Courbée sous le poids du remords, les yeux emplis de larmes, Leila* affronte la justice après avoir déjà subi le pire des châtiments: la perte de sa fille de 9 mois. Quelques minutes d'inattention, le temps d'aller étendre du linge sur le balcon, ont suffi pour que Houda* se noie dans la baignoire. «C'était écrit, le chemin de chacun est tracé par Dieu», déclare cette jeune mère de famille somalienne comme pour soulager un peu sa souffrance. A 24 ans, Leila semble poursuivie par ce cruel destin. Après le décès accidentel de son bébé, elle met encore au monde un enfant polymalformé et mort-né. Sensible à la douleur de l'accusée, le Tribunal correctionnel a renoncé à lui infliger une peine tout en la reconnaissant coupable d'homicide par négligence. «La faute est indiscutable, en aucun cas un enfant de cet âge ne doit rester sans surveillance», relève le jugement.

Les cheveux dissimulés sous un foulard, ce petit bout de femme ne parle pas un mot de français malgré six années passées en Suisse. «Je n'ai pas eu le temps d'apprendre», dit-elle. Son mari travaille comme aide-cuisinier et elle s'occupe de ses deux enfants ainsi que de toutes les tâches ménagères. Le 10 mai 1996, comme à son habitude, elle donne le bain simultanément à son garçon de 2 ans et demi et à Houda. Elle les laisse ensuite jouer dans quelques centimètres d'eau pour ranger la lessive. Pendant ce temps, le père regarde la prière du vendredi à la télévision. Il est alerté par les cris de sa femme qui retrouve le bébé inconscient, la face dans l'eau. Le couple appelle un ambulancier qui habite dans l'immeuble. Transportée à l'hôpital, Houda est réanimée mais les lésions cérébrales sont telles que les médecins décident d'ôter la respiration artificielle douze heures plus tard. «C'est moi qui suis accusée car c'est moi qui m'occupais d'elle lors de l'accident», s'incline Leila. Dans cette famille, où les rôles sont précisément répartis, le père n'assume aucune responsabilité. Il n'a pas été appelé pour surveiller ses enfants et n'a pas réagi lorsqu'il a vu son épouse se rendre sur le balcon.

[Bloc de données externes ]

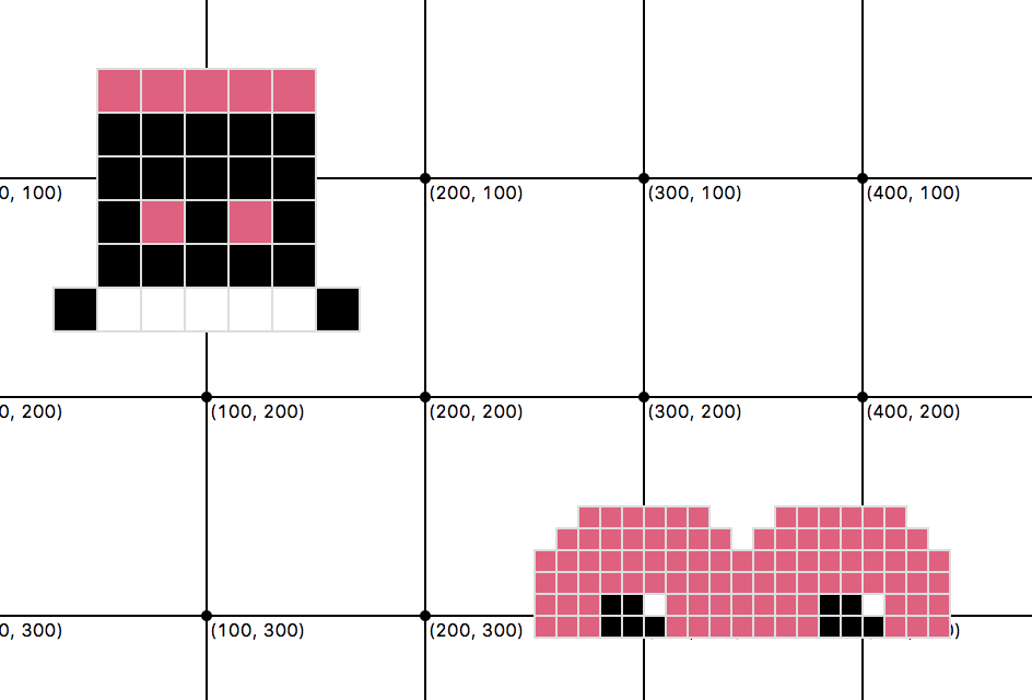 - Create a third “tuple of tuples” to represent a new pixel art drawing. To get ideas, Google “pixel art simple.”
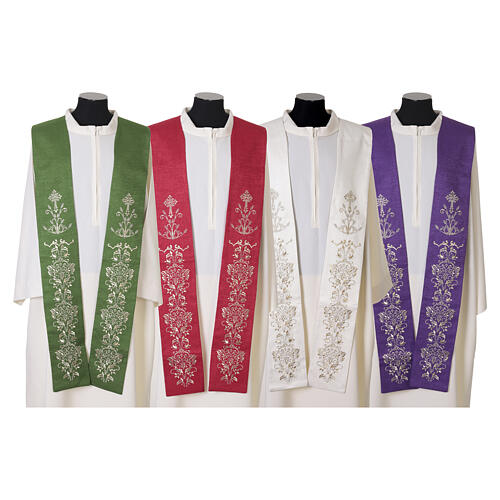 Stuła liturgiczna ze złotym, stylizowanym haftem motywu kwiatów, 100% poliestru

L'enquête démarre pour établir les circonstances du décès. Un policier s'enquiert même de savoir si la mère ne fait pas partie d'une ethnie «hostile aux filles». Par peur, cette dernière déclare dans un premier temps qu'elle n'a jamais quitté la salle de bain pour finalement admettre une absence de cinq minutes. «J'allaitais encore Houda, elle dormait dans notre lit et nous l'aimions plus que tout. Après ce drame, ma vie est devenue un cauchemar», raconte la mère. Pour son avocat, Me Christophe Misteli, «ce procès est inutile», Leila a déjà été condamnée à un deuil douloureux sans commune mesure avec ce que la justice pourrait infliger. «Les parents sont tenus de veiller à l'intégrité de leurs enfants, l'accusée a commis ici une grave négligence», souligne le substitut Marc Cheseau tout en requérant une peine de cinq jours de prison avec sursis. De son côté, la défense a demandé et obtenu l'abandon de toute sanction en vertu de l'article du Code pénal permettant une exemption de peine si l'auteur a été atteint directement par les conséquences de son acte. Aujourd'hui, le couple a une autre petite fille. Le père, qui a tiré les leçons de ce malheur, s'occupe plus de ses enfants.